Most survivors would be normal people. If you can google something and build it with your standard hardware supplies, chances are someone could have passed that knowledge down to their children.
If we're talking several centuries after worlds end, the town should have a blacksmith and the capabilities to smelt and recycle metals. No matter how romantic it feels, practically no tools or materials would have survived without being properly looked after. Scavenging won't provide nearly as many resources as Hollywood and digital entertainment would have you think. It could be done, but that much later they'd need to go on expeditions for days to find a few metal plates that weren't rusting apart.

Look into early industrial generators and technology. Often these can be fabricated with very basic resources. They could easily sustain a small settlement.

Scavenged gasoline would have run out by then. For fuel there are many options:
Bio-diesel can be derived from heated fat (needs livestock, like pigs)
Turpentine can be made from tree sap (Can't remember what tree)
The settlement could sit on a deposit of methane, perhaps the reason for the settlement surviving was this constant supply of natural gas.
Coal is easily mined and wood burns well too. It's enough to power a steam engine that could run a generator.
Solar panels would probably never survive that long, but if they received thew proper maintenance they could be the town's great achievement and salvation.
Wind turbines. Easy to build, require no fuel

This brings us to batteries:
If you can power a generator, or use the elements to power batteries, all your vehicles and tools can be electrical. Rescue or recycle enough copper for the wires and you're set!
You need a source of acids to build batteries, look into what acids can be obtained in post-apocalyptia. Even lemon juice can store a bit of energy but hardly enough. Google is your friend in this area!
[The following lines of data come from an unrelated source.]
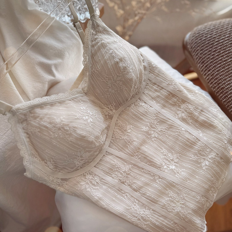 法式 温柔少女美背文胸无钢圈纯欲性感吊带背心打底衣带罩杯 蕾丝
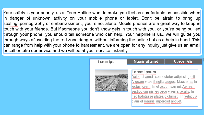 When filling out the content (provided by Kate) on the website, VJ informed me that it was a little heavy and that I should split it up into smaller paragraphs as our target audience will not read a big chunk of writing so to get around this I found a widget called 'Tabbed Panels' which has a three tab system, allowing the text to be broken up easily and effectively. I have messaged Kate and asked her create more content but for it to be split up three ways to fit into the tabbed panel. The content needs to be changed for all the pages except the 'Home' page as there is too much content on each one. The Contact us page doesn't have too much content but too little and I think it would be nice and 'uniform' to have the tabbed panel on all on the pages after the home page. This is another interactive feature for the website too to keep things changing on our website and keeping the target audience engaged in our site as well as getting our educational meaning across to them.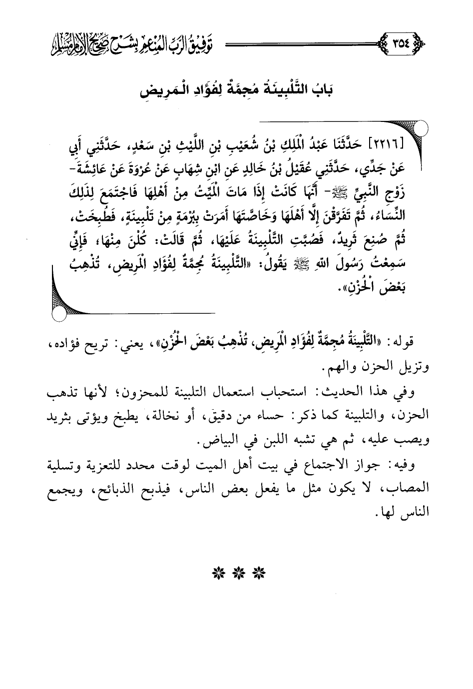 [٢٢١٦] حَدَّثَنَا عَبْدُ الْمَلِكِ بْنُ شُعَيْبِ بْنِ اللَّيْثِ بْنِ سَعْدٍ، حَدَّثَنِي أَبِي عَنْ جَدِّي، حَدَّثَنِي عُقَيْلُ بْنُ خَالِدٍ عَنِ ابْنِ شِهَابٍ عَنْ عُرْوَةَ عَنْ عَائِشَةَ- زَوْجِ النَّبِيِّ صلى الله عليه وسلم- أَنَّهَا كَانَتْ إِذَا مَاتَ الْمَيِّتُ مِنْ أَهْلِهَا فَاجْتَمَعَ لِذَلِكَ النِّسَاءُ، ثُمَّ تَفَرَّقْنَ إِلَّا أَهْلَهَا وَخَاصَّتَهَا أَمَرَتْ بِبُرْمَةٍ مِنْ تَلْبِينَةٍ، فَطُبِخَتْ، ثُمَّ صُنِعَ ثَرِيدٌ، فَصُبَّتِ التَّلْبِينَةُ عَلَيْهَا، ثُمَّ قَالَتْ: كُلْنَ مِنْهَا؛ فَإِنِّي سَمِعْتُ رَسُولَ اللهِ صلى الله عليه وسلم يَقُولُ: ((التَّلْبِينَةُ مُجِمَّةٌ لِفُؤَادِ الْمَرِيضِ، تُذْهِبُ بَعْضَ الْحُزْنِ)).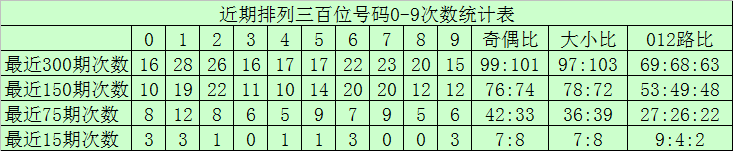 百位分析:最近300期奖号由冷到热表现为:019,426,527,8929,330,632,234,736,138次,奖号奇偶比为160:140,大小比为153147012路比为110:100:90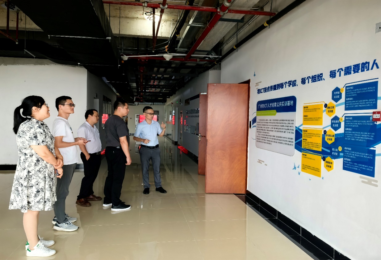 下午,数字经贸学院经济统计系一行人在盖德公司齐燕的带领下来到了公司的实训基地之一——广州市高技能人才公共实训鉴定基地,盖德公司孔伟忠带领参观了该实训基地中的网络通讯实验室、移动通讯实验室、阿里巴巴实训场等场地。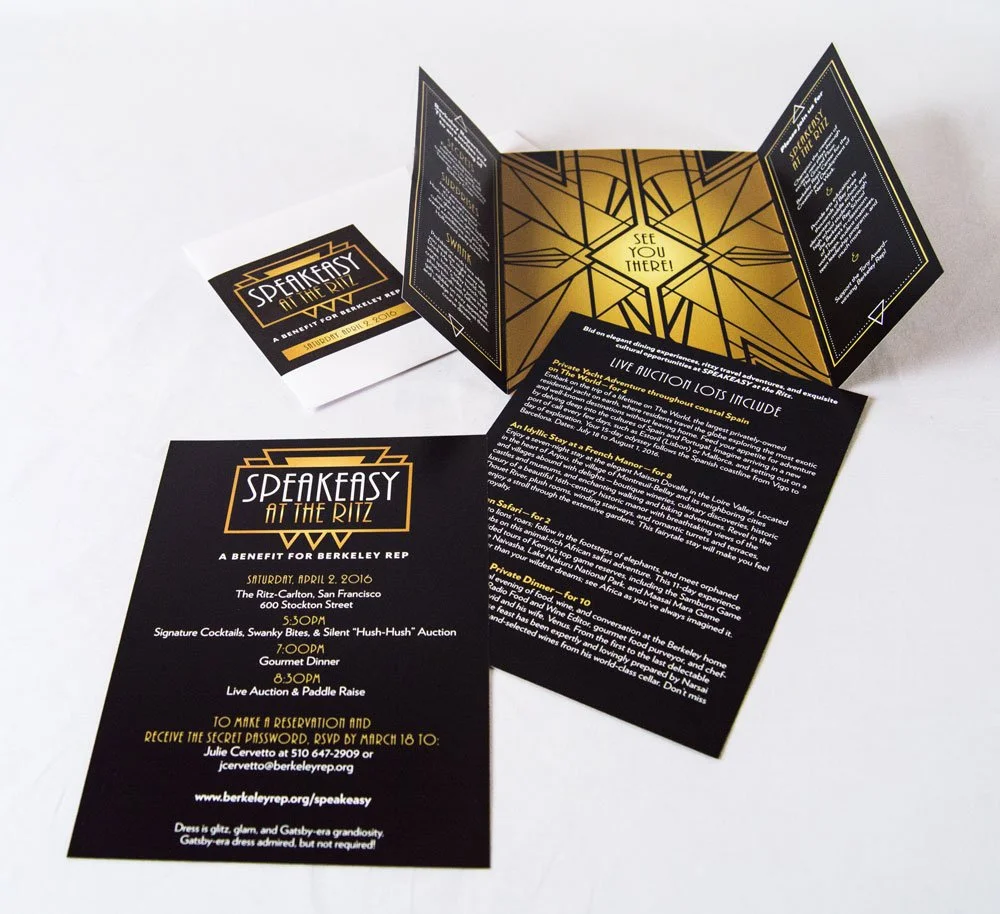 The Ask | Berkeley Repertory Theatre is an iconic and innovative non-profit theatre in the Bay Area, California. They host an annual gala to fundraise for their work. We were tasked with event branding, environmental design, print invitations, and print advertisements.

Basically, that's it. From here you just decide how much tech you actually want.


----------



## Winston (Aug 5, 2011)

With "global trading and social structure" disrupted, your future people would make more sense as an agrarian, barter, subsistence society.

Can't add much to the above post, except that a mix of 'old and new' would be believable.  Windmills would be used for water pumps and grain processing more than electricity, I would think.  Trade with other towns or groups would be essential.  As far as weapons go, bows and arrows would be it (making ammo is difficult w/o a bunch of discreet, hard to find items).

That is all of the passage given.